つまり、救いを与える側と救いを求める側ならば、場合にもよるけど後者の方がより高い心理的ハードルを課せられているのではないか、ということ。私には、助けてほしいと手を伸ばすのが簡単な行為には思えなくて、それよりは助ける側に回る方がいくらか楽なんじゃないかなあ、と、そんなひねくれたことを考えていた。非対称性、優位性の問題かな。

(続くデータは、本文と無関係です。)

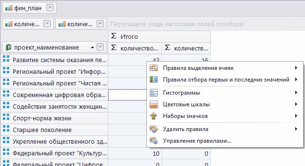 Переход к форматированию, сортировке и настройке фильтров в сводной таблице осуществляется с помощью контекстного меню поля.
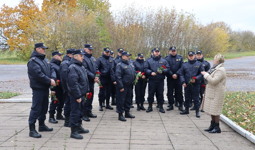 Председатель Крупицкого сельисполкома Марина Астровка рассказала им про скульптурную группу, установленную у изголовья захоронения — воине Советской армии с венком и женщине с лавровой веточкой, склонившихся в скорбном молчании на братской могиле. Особое внимание присутствующих она обратила на проводимую местными властями работу по увековечиванию памяти жертв нацистов. Офицеры возложили цветы, почтив минутой молчания память погибших.
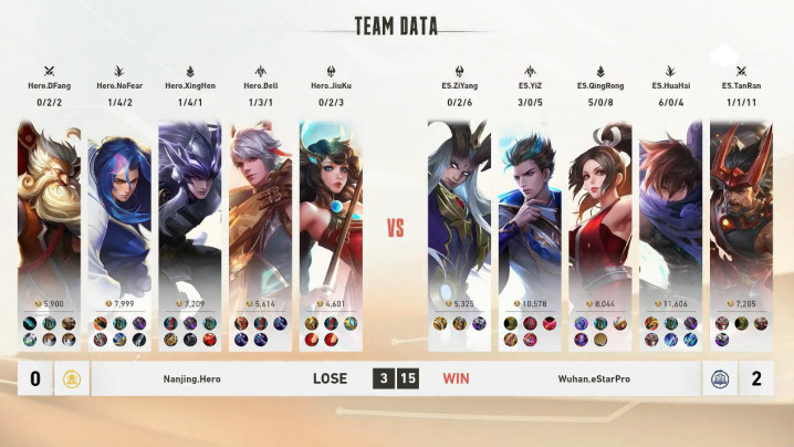 十二分钟,武汉eStar直接抱团冲高,先行一换三后带暗影先锋直破水晶,拿下比赛!两局比赛加起来不足26分钟,这实力的差距实在是有点大啊!
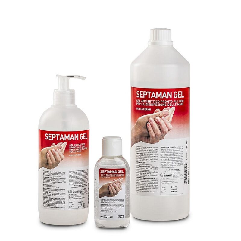 CARATTERISTICHE DEL PRODOTTO: Septaman Gel sono dei disinfettanti in soluzione alcolica incolori, in forma di gel, pronta all’uso per l’istantanea ed efficace disinfezione delle mani ed adatti ad un uso frequente, soprattutto in campo sanitario. Contiene alcool etilico.
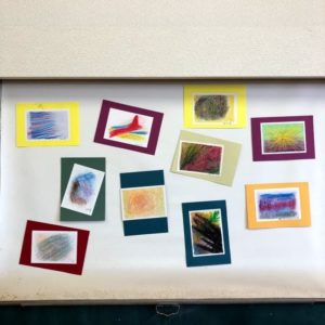 最後にみなさんの作品を前に掲示すると「おお~きれいだな!」と歓声があがりました。おひとりおひとりの作品を眺めて、お互いにいいな~と思うところを話し合ったり、普段のコロナ対策のお話しなども聴かせていただき、楽しい時間を過ごしました 。
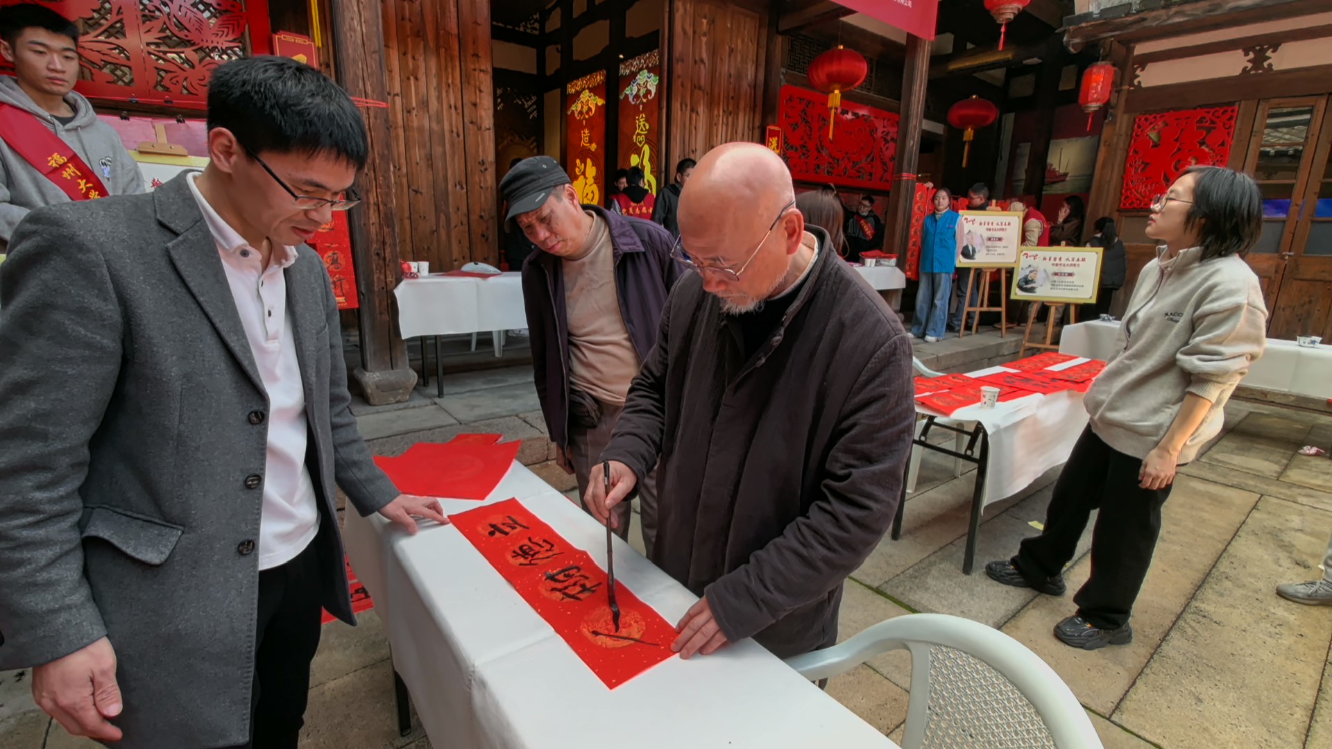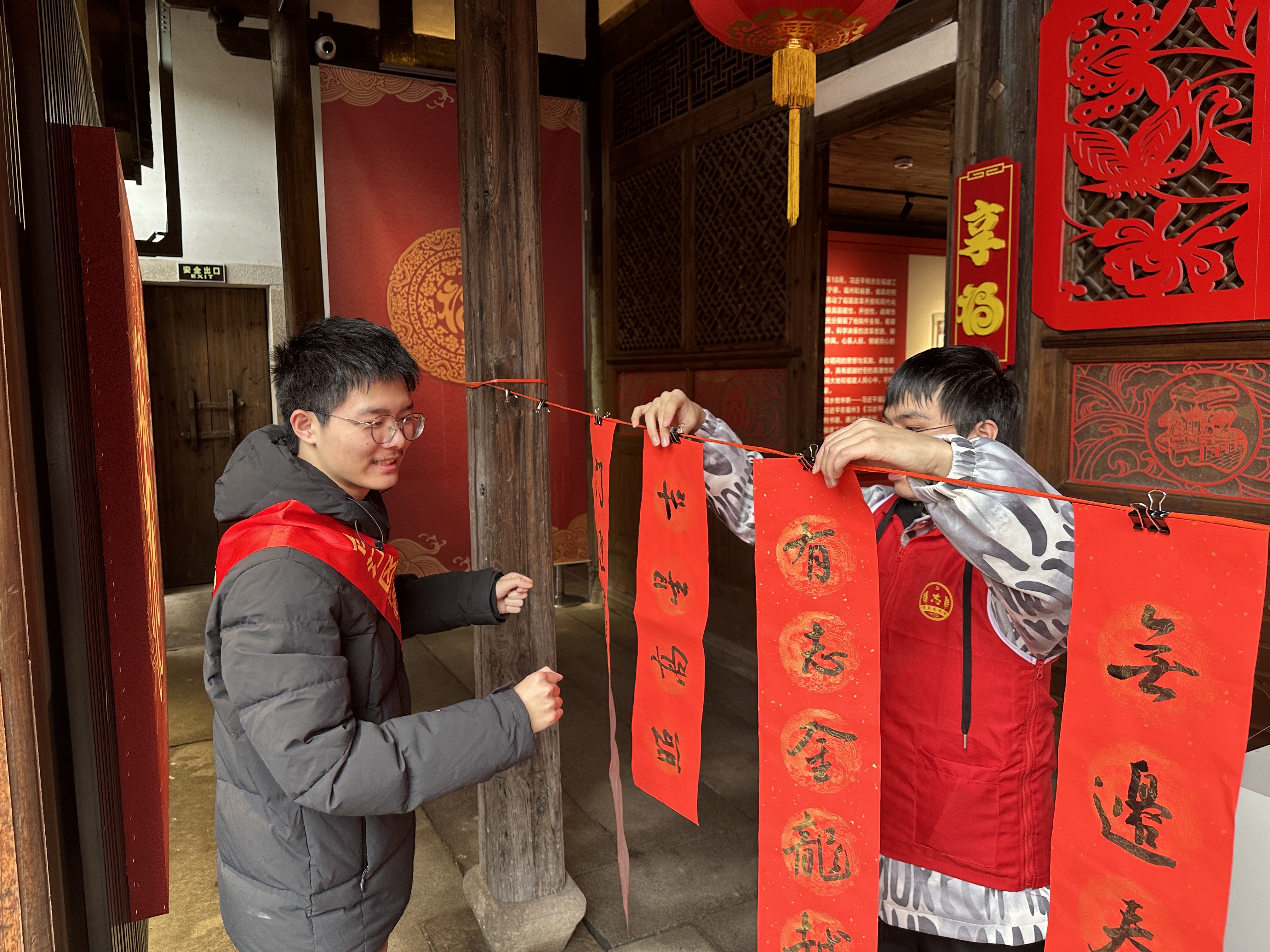 实践队队员还主动参与到福文化博物馆举办“翰墨迎春 辰龙送福”义务写春联活动的志愿服务,沉浸式体验“福”文化,为广大市民朋友们送上福气满满的新春祝福。

昨日LINEしていても思ったけど、自分を無意識にマイノリティ側に入れて考える癖のあることに自覚的にならないといけないな、という自戒とも通じるかもしれない。
私はある属性においてはマイノリティなのかもしれないが、別の属性ではマジョリティ側にいて、だからこそ、マイノリティの顔をした自分のふるまいが無意識的にマジョリティとしての暴力を帯びていないか、考えないといけないな、と。そしてマジョリティはすぐに弱者としてのマイノリティを「助ける」みたいに言いたがるけど、それってどうかな、助ける側に立ちたいからじゃないのかな、とか。
『こんな夜更けにバナナかよ』を読み返す時期なのかもしれない。


終わりに、私が語りたいだけの『少女革命ウテナ』の大好きなシーンの話を(未見の場合に備えネタバレを避けて)します。
ある人はいま、目の前にいる人からまっすぐに救いの手を伸ばされている。この手を取ってくれと懇願されている。だけどその人は、自分が手を取れば相手が取り返しのつかない犠牲を代償に払うことになると知っている。相手は己の身に降りかかる代償のことなど知らないがとにかく、自分の全てを捧げてでもその人のことを救いたいと一念に思っている。その思いも分かるからこそ、「あなたを犠牲にしてまで救われたくはない」「でもあなたが望むのは私がこの手を取ることだ」というジレンマから、その人はボロボロと玉のような涙を流す。この涙の描写がものすごく印象的で、これは相手が犠牲になることを利用してでも自分が救われることを選ばなければならないがゆえのつらさなのだと思った。救う方と救われる方ならどちらがつらいのか、なんてことを考えるようになったきっかけのシーンだ。大変抽象的なアニメであり、これもあくまで私の解釈ですが。


往復書簡の往路と復路、両方経験してなるほどなるほどとなりました。書き出す方と受け取る方では違った意識になるね。
もしよければ、つぎはLINEでじゃんけんでもして勝った方から書き始めて、それ以降は交互に書き初めを担当、とかでどうでしょう。


暖かくなるまで生き延びる、という短期目標はおかげさまでなんとかなりそうな気がしてきたので、次の目標は夏まで生き延びる、ですね。茗荷をたくさん食べる。

第五便

2月はあっという間に走り去り、3月。

気温が上がったり下がったり、雨が降ったり。年度末の慌ただしさも加わって、ちょっとぐったりしていたジュン・チャンです。

今週末は、別府のお魚大臣(※料理人の友人)のご飯で、エネルギーチャージした。タカシナは息災か。

 

タカシナから第四便の返信をもらった時点で、今までの往復書簡を全部読み返してみた。読み返してみると、通底しているものがある気がした。我々は、自分達が感じてきた「生きづらさ」「でも、どうしようもなさ」を言語化し考察している。まさに政治的活動だ。

そして、第四便では対話という実践法の難しさに触れた。理解しあおうとする、というのは、お互いに痛みを伴う。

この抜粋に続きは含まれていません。